Was it on another blog or on mines? I forget already, but we were discussing the rightful frequency of posting. Weekly? Five days a week? Every day for the next 20-years. Now, that's a worthy goal. I've been blogging daily for the past 19-years and 10-months, just 2-months left to go. Just talking to myself. Moving on, directly below is a photo I plagiarized from a blog that I use to follow which started in 1998. All text those days. I think I started reading it in 2000. I don't visit the blog much anymore because the author has written several science fiction books, successful at that, and all he talks about is the world of science fiction, which is not my cup of tea. Oh, the author won't miss me very much, since he receives 70,000 unique readers per day. In any event, I think his writing is easy to read, excerpt below, even for a seemingly mundane subject matter.

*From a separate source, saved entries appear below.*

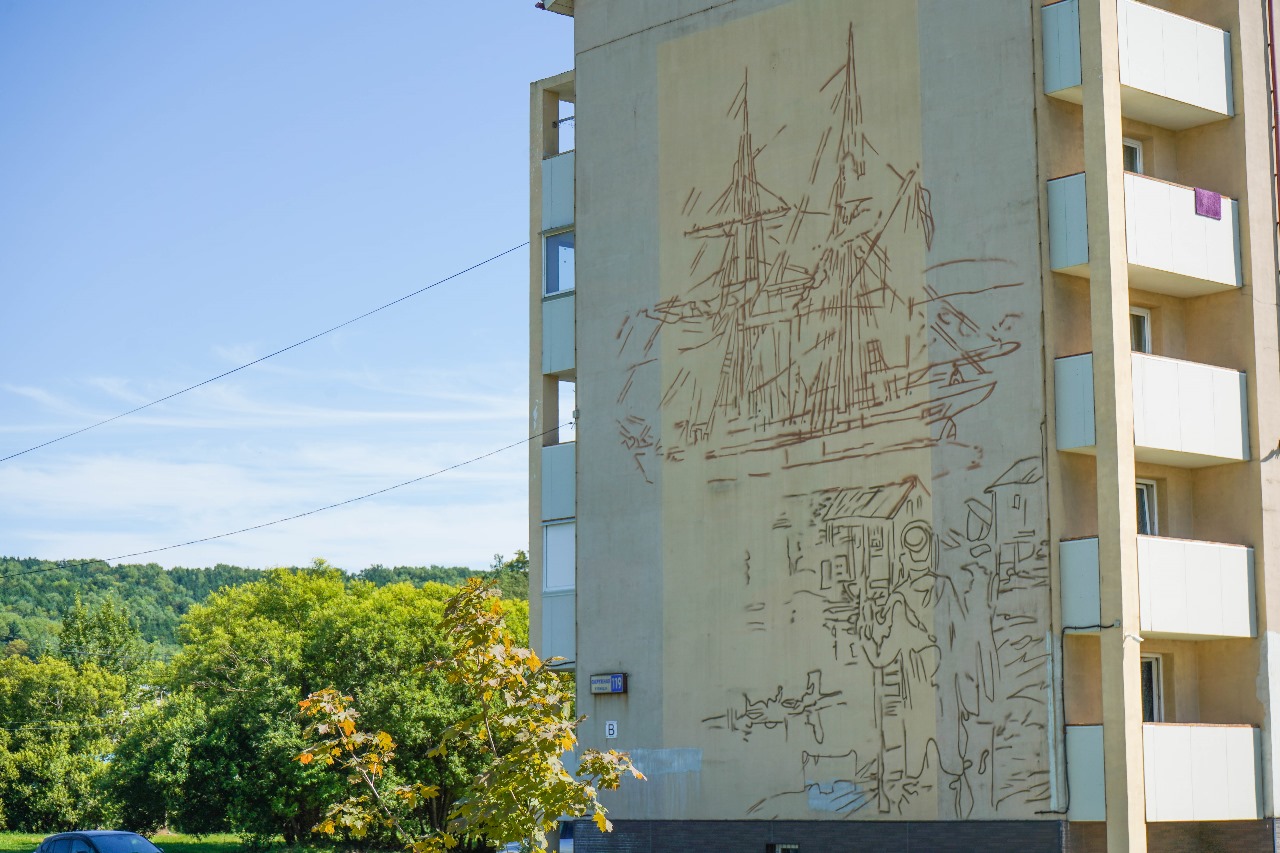 Изображения на фасадах - часть общей композиции, которая вскоре продолжится вдоль новой набережной реки Корсаковки…
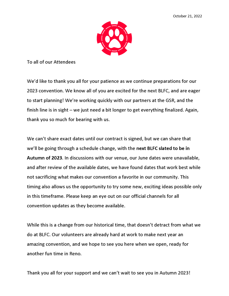BLFC Issues A Possible Change 10/22/2022 Ahmar Wolf Share this: Click to share on Pinterest (Opens in new window) Pinterest Click to share on Facebook (Opens in new window) Facebook Click to share on X (Opens in new window) X Click to share on Tumblr (Opens in new window) Tumblr More Click to share on LinkedIn (Opens in new window) LinkedIn Click to print (Opens in new window) Print Click to email a link to a friend (Opens in new window) Email Like Loading...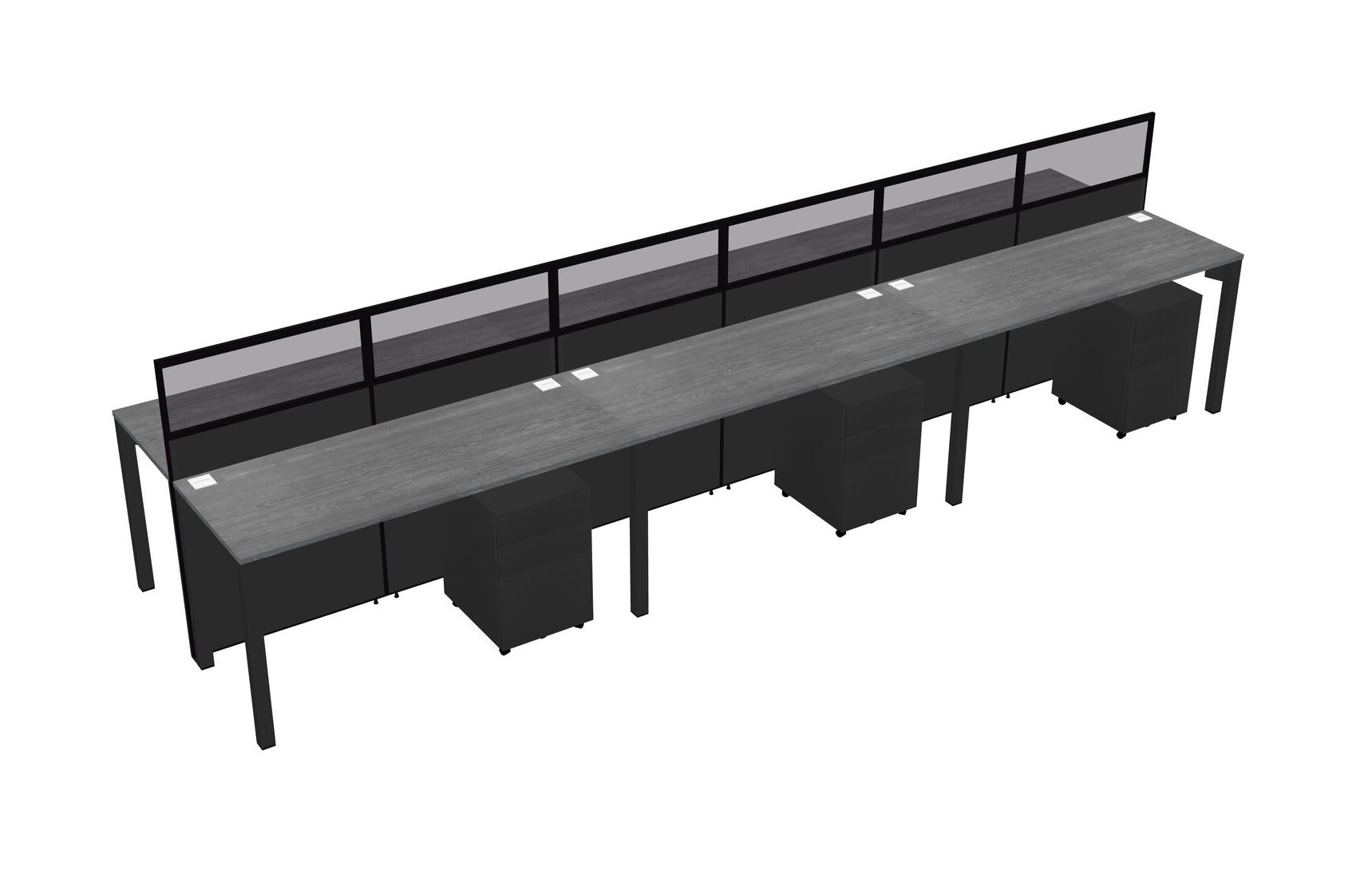 Grey Shared Rectangular Office Cubicle Panel System With Mobile Drawers For 6 Persons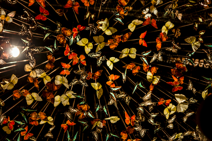 Основные материалы, с которыми работал автор, - это металл, дерево и натуральная кожа. Интерьер насыщен как вполне себе земными, привычными, так и фантастическими, сказочными объектами. Но единственный элемент, вызывающий неизменный восторг посетителей, - декоративное потолочное панно из бабочек, заставляющее завсегдатаев бара постоянно поднимать голову.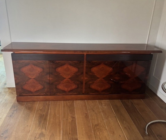 Este impresionante aparador de mediados de siglo presenta una excepcional chapa de nogal con vetas de un hermoso patrón simétrico (bookmatched). La superficie superior de alto brillo realza el movimiento natural de la madera, otorgándole una presencia sofisticada y casi escultural.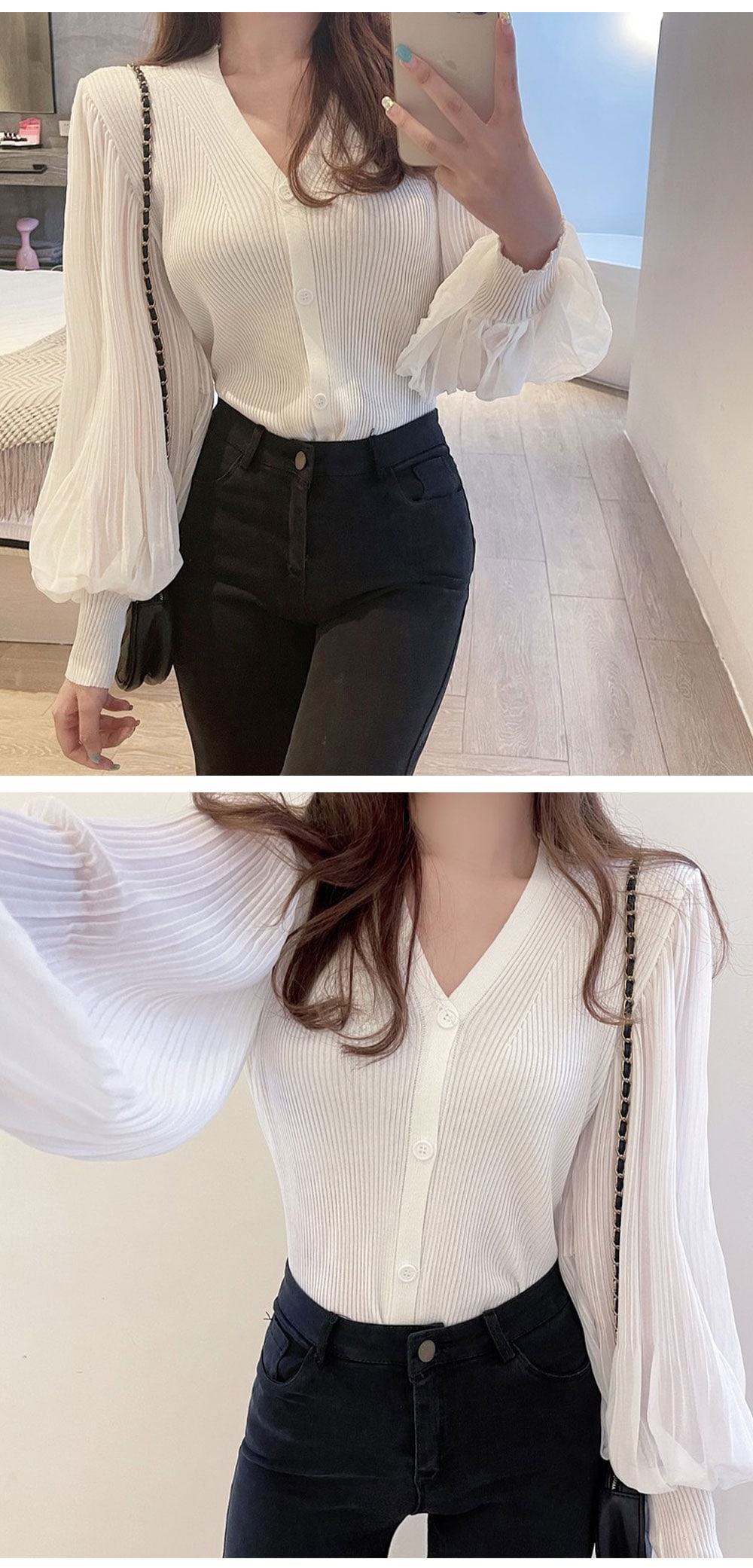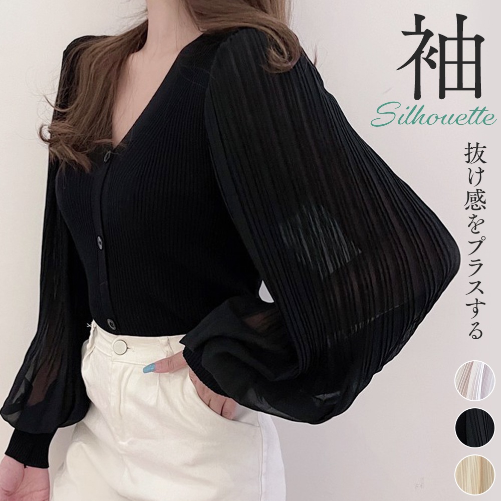 春 秋 長袖 ブラウス ニット ドッキング トップス レディース 切り替え シアー袖 ボリューム袖 レイヤード風 重ね着風 ニットトップス プルオーバー 薄手 ボタン付き 大人 かわいい

In case you ever wondered what a walnut fruit looks like before it’s husked, shelled and turned into pies and such, here you go. This picture is from a young tree in our backyard that is producing fruit for the first time and as such I was deeply confused as to what sort of thing it might be, but as it turns out the Internets had the answer. Oh, Internets. You always have everything.


And lest you think that having thousands of visitors and a hundred comments per day is all there is to a popular blog ....

The site has also been around long enough that it has its own community of people, evident in the comments section, where there is (as Mad magazine would put it) “the usual gang of idiots” who talk amongst each other on a usual basis. The composition of that gang changes slowly over the years — people come and go, depending on their own interests, time commitments and whether I’ve pissed them off sufficiently that they decide to stop talking to me and others — but overall there’s a day-to-day consistency which for me as the proprietor is both nice and useful.

As I’ve also noted before, maintaining the site turns out to be a lot of work, and there are days when.... Running a site that gets as many visitors as this site does turns out to be an actual job, whether it was originally meant to be or not. But what I get in return is usually worth it. So this remains the place I am most online, and will likely continue to be for the foreseeable future.



Then there is a former chef living in Paris. I don't even delve in the finer points of gastronomy. However, I like his insightful quips on french WTF's, er, "Why The French...." do this, "Why The French...." do that. There are better examples, but these were from recent posts.

When I moved to France, one of the first things a friend said to me was “David, you need to get a good tire-bouchon.” Seeing as an unusually large number of wine bottles were being opened on a regular basis all around me, and seeing the recycling bin on my street was constantly overflowing, it seemed he was right: one does need a decent tire-bouchon (cork-puller) if one is going to live in France.


I was recently conversing with someone about what stuns French people when they come to the United States. Supermarkets are always interesting places to go; last time I took Romain to one in Florida, he came out and said “Pas de stress!” (no stress) because shopping in a French supermarket can be an exercise in frustration. (Which is putting it mildly.)